The renowned Oruro Carnival is celebrated for six days every year, between the months of February and March. It gathers more than 28,000 dancers, 10,000 musicians, and more than 50 dance organizations as part of the Procession (or Entrada) —the main event of this celebration—, which extends throughout the Oruro city streets in an uninterrupted four-kilometer procession, allowing visitors to experience and share firsthand the richness and cultural mix between the original traditions of yesteryear and Christian liturgies.
The Diablada, Morenada, Caporales, Tinku, P´ujllay and all of the other dances derive from other carnivals and festivals throughout Bolivia, such as the carnivals of yesteryear (Sucre), the Corso de Corsos (Parade of Parades), the Carnival of Concord (Cochabamba), the Miner Carnaval (Potosi), the Entrada del Gran Poder (La Paz), the Fiesta Grande de Santa Cruz, among others, which can be visited in Bolivia and which offer so much to share.
The Alasitas festivity, which means “buy from me,” in Aymara, is celebrated on January 24 in La Paz and on other dates in the rest of the Plurinational State of Bolivia.
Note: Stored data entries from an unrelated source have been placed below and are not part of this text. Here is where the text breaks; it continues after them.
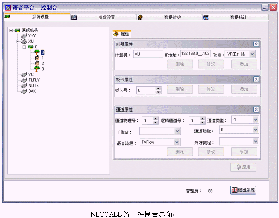 在局域網(wǎng)內(nèi)的任何一臺客戶機上,系統(tǒng)管理員通過客戶端控制程序訪問主機系統(tǒng)設置數(shù)據(jù)庫,具有系統(tǒng)管理員權(quán)限的客戶帳戶均可登錄進入AllContral系統(tǒng)控制臺程序。通過這個基于客戶端的程序,系統(tǒng)管理員可完成PABX設置、ACD設置、IVR設置等許多系統(tǒng)管理和配置工作。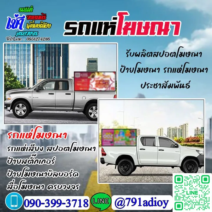 เราคือผู้ให้บริการ รถแห่โฆษณา..... สื่อโฆษณาทุกรูปแบบให้บริการ รถแห่โฆษณา ป้ายโฆษณา โฆษณาไวนิล เสียงสปอร์ตโฆษณาให้บริการในพื้นที่..... ตรงจุด ตรงเป้าหมาย เพิ่มยอดขายเพิ่มการรับรู้แบรนด์ แจ้งข่าวต่างๆ กระตุ้นมูลค่าทางธุรกิจ ตรงกลุ่มเป้าหมาย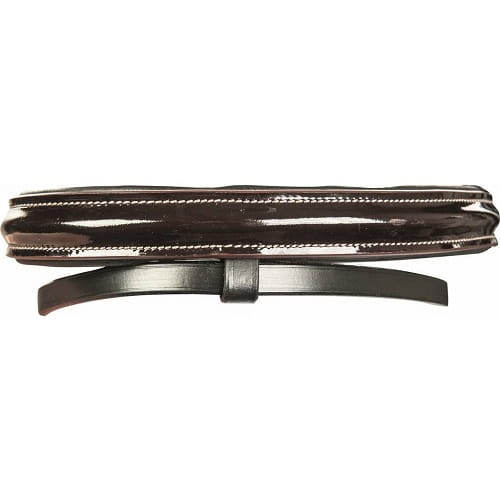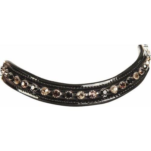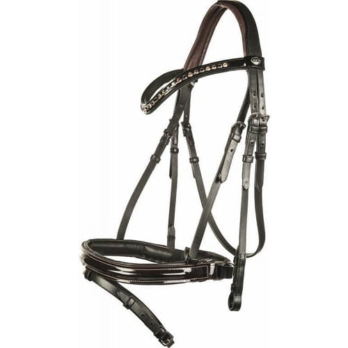 Ogłowie HKM wykonane ze skóry bydlęcej, podszyta część nosowa i potyliczna, stabilne, srebrne sprzączki. Nachrapnik szwedzki, naczółek z syntetycznymi diamencikami, wodze parciane z małymi stoperami. Miękkie podszycie w kontrastującym kolorze, skóra lakierowana na naczółku i nachrapniku. Zdobienie kontrastującym kolorem z haczykami do uzdy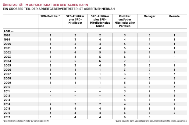 Politikerinnen im Bahnaufsichtsrat sind zurzeit die Bundestagsabgeordnete Kirsten Lühmann (SPD) und Susanne Knorre, die zwar keiner Partei angehört, aber niedersächsische Wirtschaftsministerin im SPD-Kabinett von Sigmar Gabriel war. Betrachtet man den Zeitraum von Ende 1998 bis Ende 2017, so gab es in 16 dieser 20 Jahre – ausgenommen nur die Zeit von 2010 bis 2013, als die SPD nicht an der Regierung beteiligt war – mindestens einen aktiven oder ehemaligen Politiker der SPD unter den Vertretern des Bundes im Aufsichtsrat der Deutschen Bahn.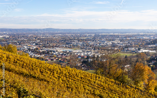Beautiful autumn view with vineyards in the city of Graz, Austria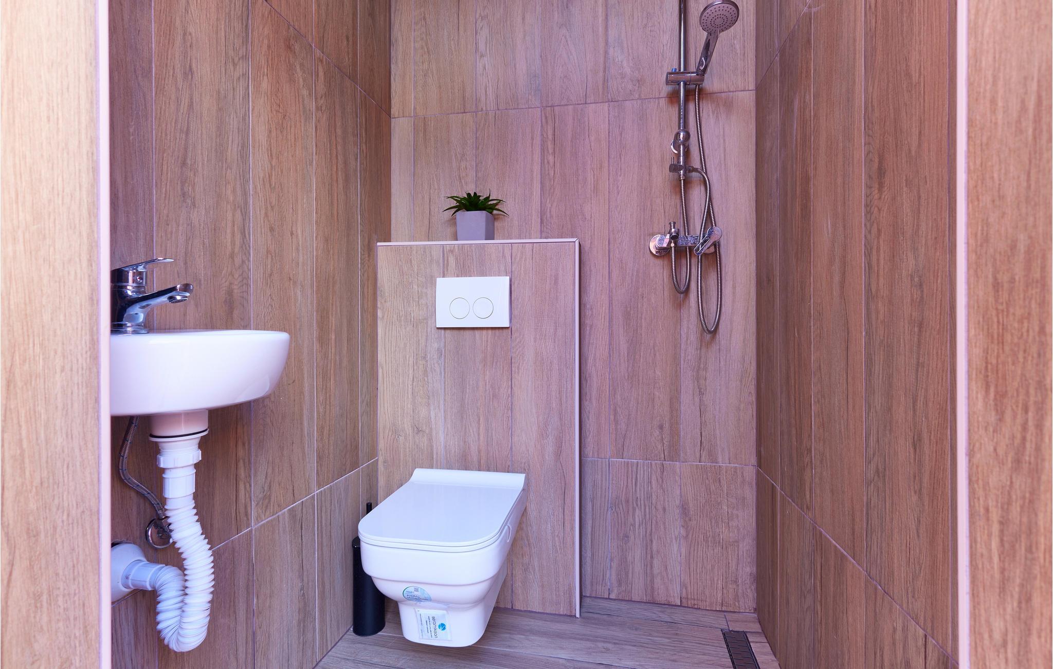 - WC mit warmem und kaltem Wasser, Dusche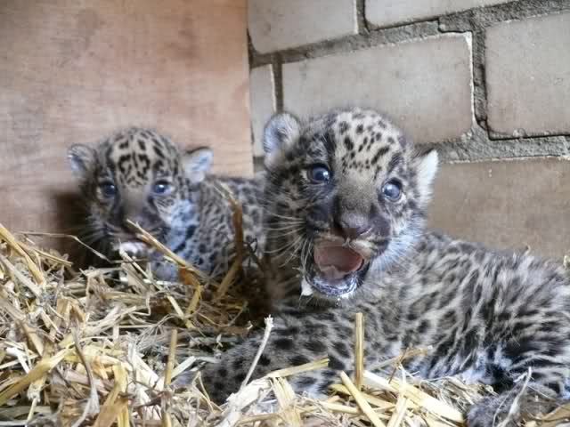 Noch zahnlos, aber dafür ganz schön frech zeigten sich die beiden Babyjaguare im Krefelder Zoo bei ihrer Entwurmung. Der erste Nachwuchs bei den Jaguaren im Krefelder Zoo nach 17 Jahren ist gleichzeitig der erste Nachwuchs des neuen Jaguarpaares. Der kleine Kater und die Katze kamen vor knapp drei Wochen zur Welt. Die beiden gefleckten Jungtiere werden von ihrer dreijährigen Mutter „Bess“ vorbildlich versorgt. Noch hat der ebenfalls dreijährige Vater „Porgy“ seinen Nachwuchs nur durch ein Schmusegitter in Augenschein genommen. Jaguare sind Einzelgänger und der Kater beteiligt sich in der freien Wildbahn nicht an der Aufzucht der Jungtiere.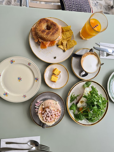 Read moreSehr tolle Lokalität in der Mitte von Näfels. Parkplätze sind in etwa 4 Min Gehdistanz genügend vorhanden. Das Ambiente ist sehr schön, drinnen wie draussen. Das Personal war sehr freundlich und aufmerksam. Wir hatten einen Bagel mit Avocado & Hüttenkäse. Dieser war sehr lecker und können wir definitiv weiterempfehlen. Es hat eine grosse Auswahl an salzigen und süssen Speisen. Die Preise sind für die Grösse der Portionen angemessen. Wir haben uns noch ein Stück Kuchen als Dessert gegönnt, ebenfalls super. Es hat auch eine grosse Auswahl an veganen Speisen. Wir kommen sicher...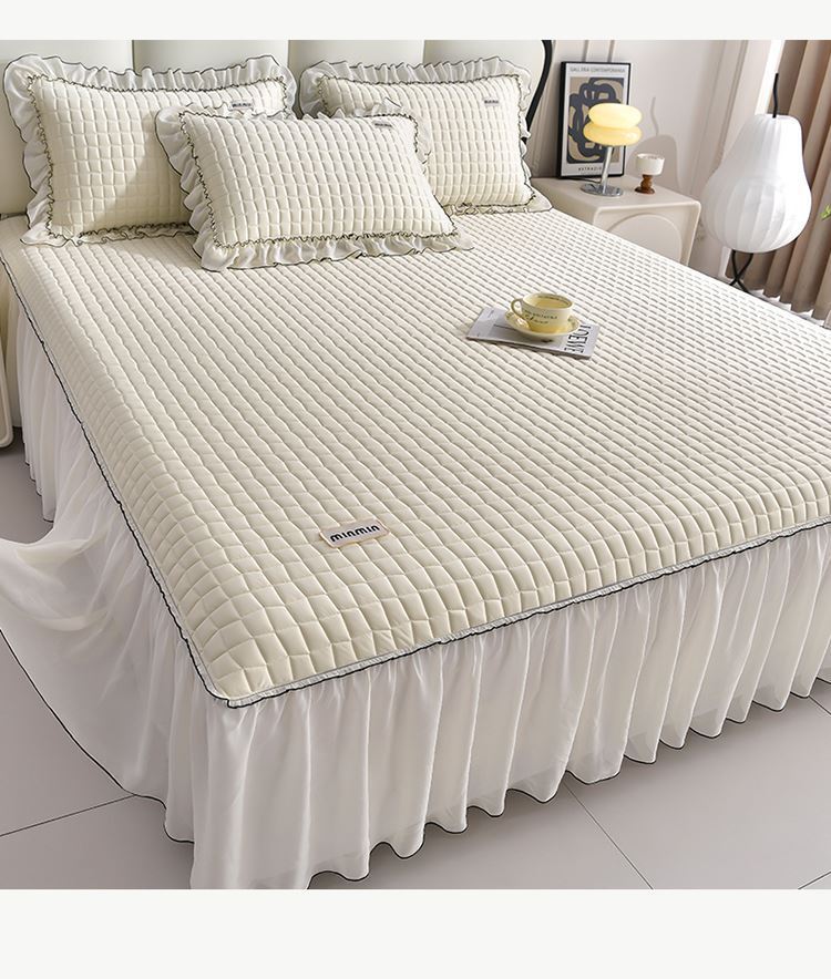 • 시원한 느낌 작은 얼음 라텍스 매트 침대 스커트-아이보리 화이트
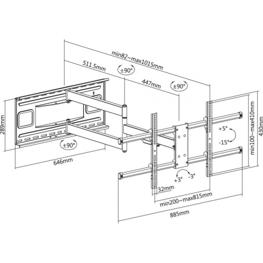 Nástenný oceľový XL držák s bočným natočením na LCD TV s uhlopriečkou 43"- 80" (109-203cm) a hmotnosťou maximálne 50kg. 3x pánt, vertikálne výklopný +5°/-15° a horizontálne otočný +90°/-90°, vzdialenosť od steny 82-1015mm, vodováha, Cable Managment, materiál oceľ, farba čierna. Uchytenie VESA: 200x200, 300x200, 400x200, 300x300, 400x300, 400x400, 600x400, 800x400.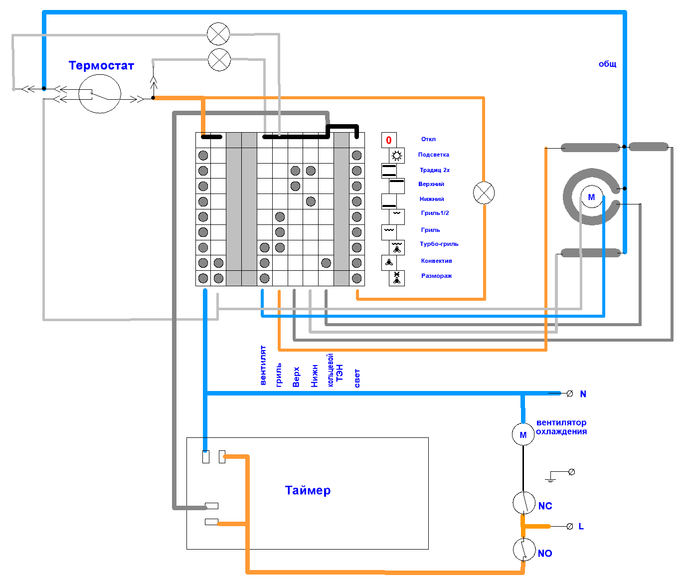 Конвекцию воздуха внутри камеры духового шкафа и равномерное распространение тепловых потоков обеспечивает крыльчатка. Большинство моделей дополнительно оснащены тангенциальным вентилятором (кожух с колесом с лопастями), одновременно предотвращающим утечку тепла и перегрев корпуса.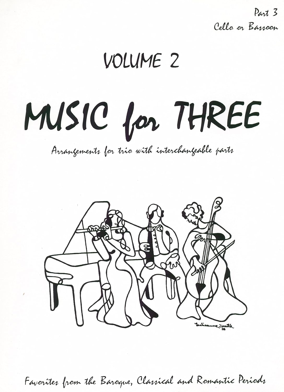 Set includes 3 parts (50211, 50222, 50231) Other Parts Available: Part 1 Flute or Oboe or Violin [50211] Part 1 Clarinet in Bb [50213] Part 2 Flute or Oboe or Violin [50221] Part 2 Viola [50222] Part 2 Clarinet in Bb [50223] Part 3 Cello or Bassoon [50231] Keyboard or Guitar [50240] Score (parts 1-3 in C) [50299] Table of Contents: Repertoire List - Volume 2 Allegro, Andante, Allegro assai from Brandenburg Concerto #2 in F Major (Bach) Little Fugue (Bach) March (Bach) March in D Major from the Anna Magdalene Bach Notebook (Bach) Rondeau from Orchestral Suite #2 in B Minor (Bach) Ode to Joy from Symphony #9 (Beethoven) Hungarian Dance #5 (Brahms) Variations on a Theme of Haydn (St. Anthony Chorale & Sicilienne) Op. 56 (Brahms) Nocturne from Op. 9 #2 for piano (Chopin) Humoresque from Op. 101, #7 (Dvorak) Panis Angelicus from Messe Solonnelle, Op. 12 (Franck) Tambourin (Gossec) Gavotte from Holberg Suite, Op. 40 (Grieg) Fireworks Music - Bourree, La Rejouissance, Minuet (Handel) Oboe Concerto in G Minor - Sarbande, Allegro(Handel) Allegro (Loeillet) A Midsummer Night's Dream - Nocturne, Wedding March (Mendelssohn) Ave Verum Corpus from K. 618 (Mozart) Rondo alla turca from Piano Sonata in A Major, K. 331 (Mozart) Rondeau from INcidental Music to Abdelazer (Purcell) Trumpet Tune (Purcell) When I Am Laid in Earth from Dido and Aeneas (Purcell) Scheherazade Theme (Rimsky-Korsakov) Serenade from Schwanengesang, #4 (Schubert) Vivace from Sonata in F Major for flute (Telemann) The Four Seasons - Excerpts (Vivaldi) -Allegro from Violin Concerto in E Major, Op. 8 #1 - "Spring" (Vivaldi) -Allegro from Violin Concerto in F Major, Op. 8 #3 - "Autumn" (Vivaldi) -Danza Pastorale from Violin Concerto in E Major, Op. 8 #1 - "Spring" (Vivaldi) Read more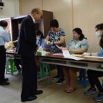 台湾著名毫芒雕刻艺术家陈逢显来到他所在的社区新北市新店区下城投票所投下了他的票,他表示,台湾民众对于选举不是很拥护,人潮不多,投票现场气氛没有想像浓厚。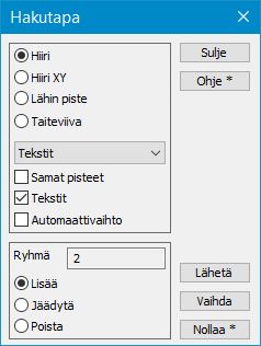 Valitsemalla hakutavaksi hiiri+Shift voit siirtää pistettä haluamaasi paikkaan. Pisteen korkeus pysyy samana.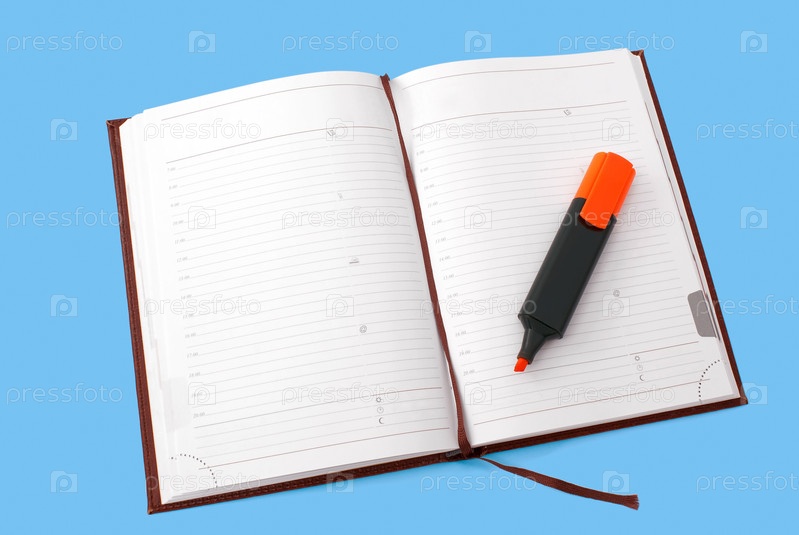 Открытый ежедневник и текстовый маркер на голубом фоне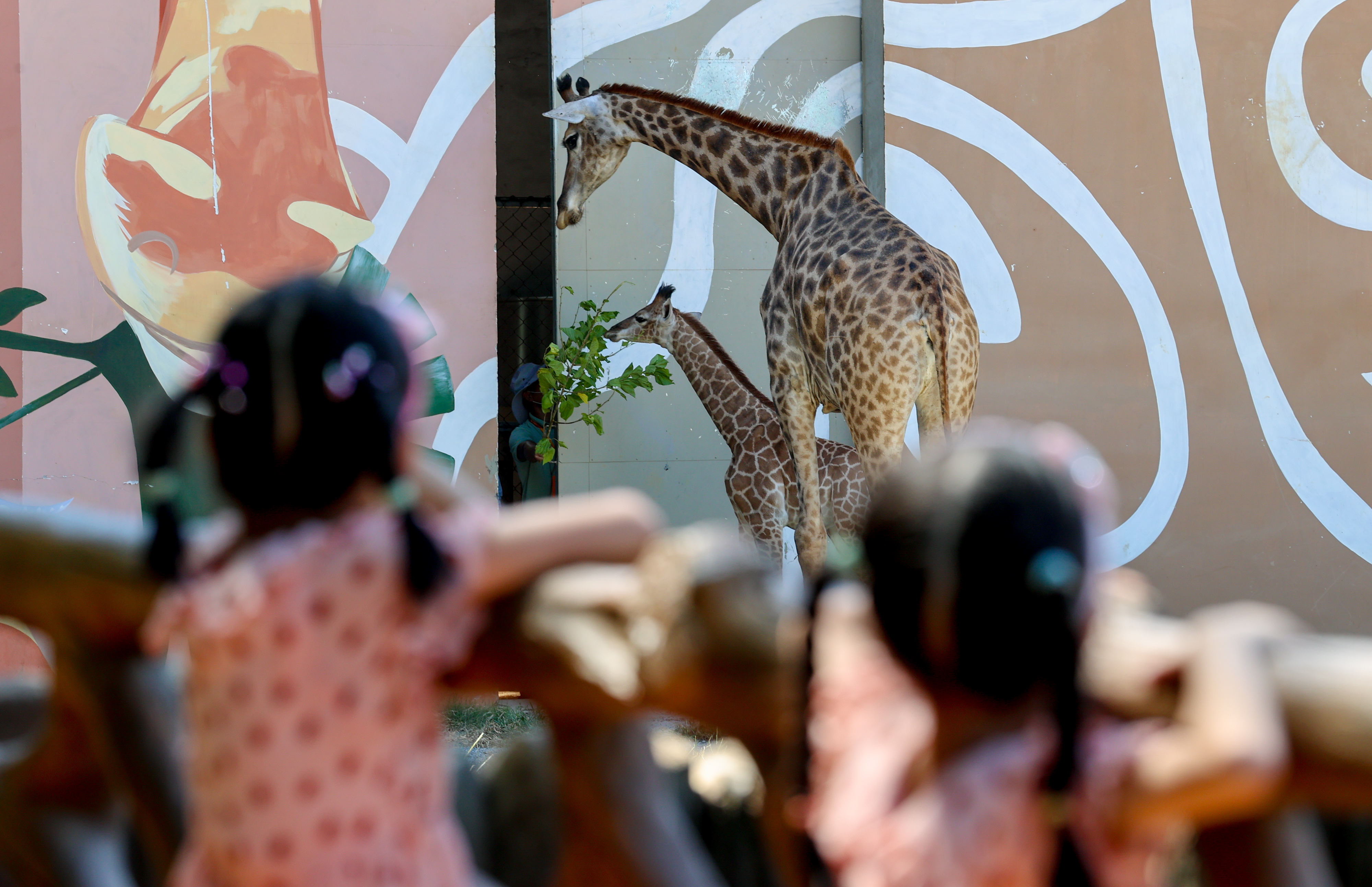 图为长颈鹿宝宝吸引市民观看。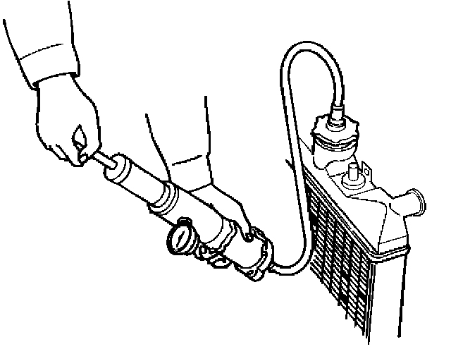 Use a radiator cap tester to force air into the radiator through the filler neck at the specified pressure of 150 kPa (22 psi) with a cap tester: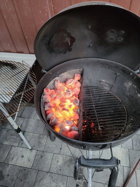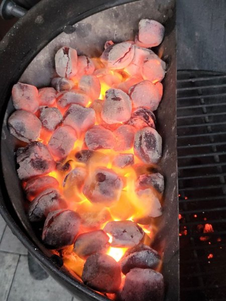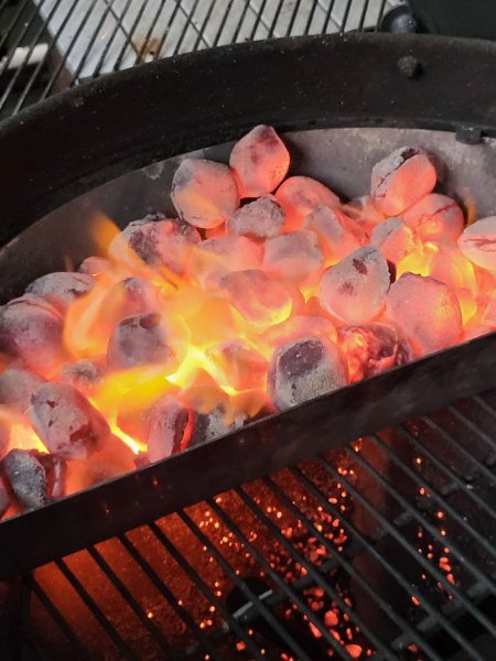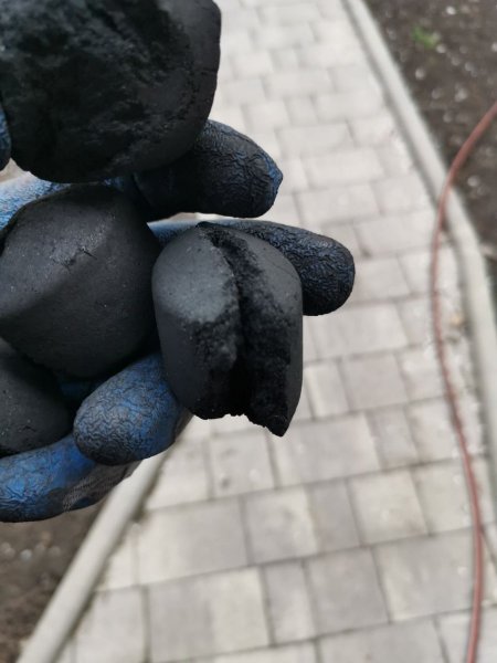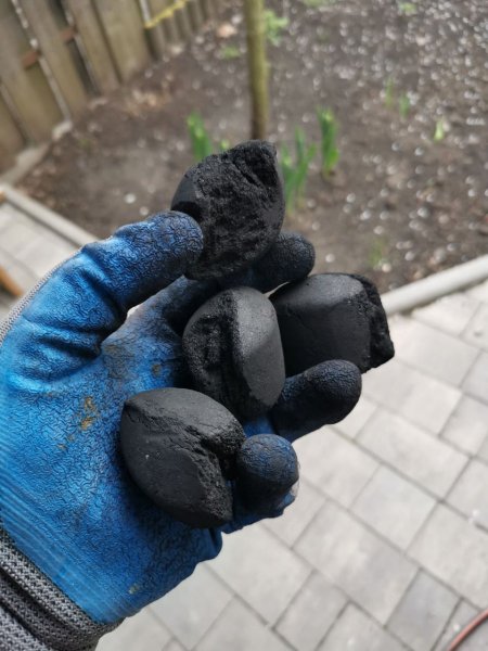 Доехали до меня брикеты Чили-Грилли. Куплено за свои. Нейросети не будет. Начинаю писать эти строки еще наблюдаю стартер. Цена 2300+300доставка. 173руб кг. Самые дорогие российские брикеты на данный момент. Мешок 15кг. Хотя сам мешок по размеру как и главжара 10ка. Набит очень плотно. Брикет среднего размера. Чуть меньше webera черного. Сделал фотосравнение сравнение с главжаром. Много колотых, а много с дефектами формовки. Попытался сфоткать. На фото просто жменя которую достал из стартера, не выбирая. Очень дымный при розжиге. Жена зайдя в гриль зону спросила чем воняет? Хотя я прям залез лицом в дым - пахнет нормально. Но все равно большие сомнения про LS. Очень жаркие на старте, наверное сказывается много мелкой фракции. Минут через 40 уже покрылись солидным слоем пепла и заметно снизили температуру (заслонки все открытые). Мой вывод - нет смысла.

It is a cultural expression that dates back to ancient ancestral and pre-Columbian Tiwanaku traditions, namely, the celebration of fertility, Qapaq Raymi or the Great Festival of the Sun held on December 20, a day before the Summer Equinox (December 21), which included rituals for the renewal of the fertility of people, land, animals and all beings in general, with the Illas, “the children of lightning”, representing the spirit of the Ekeko, the god of abundance.
The illa is an amulet to attract fertility and economic and spiritual abundance, lacking the desire for accumulation of material goods. This idol was recovered in November, 2014 from a museum in Bern, Switzerland.
The evolution of the Alasitas festival resulted in the Ekeko, the “God of Abundance”, which is a folkloric portrayal of the illa, dressed in a hat and carrying food, money, vehicles, houses, and other goods represented in miniature.
The tradition is to buy a miniature crafted good representing what one needs the most in a particular year and have a yatiri [Andean shaman], and oftentimes a priest, bless the craft (called the act of ch’alla) in order for it to come true.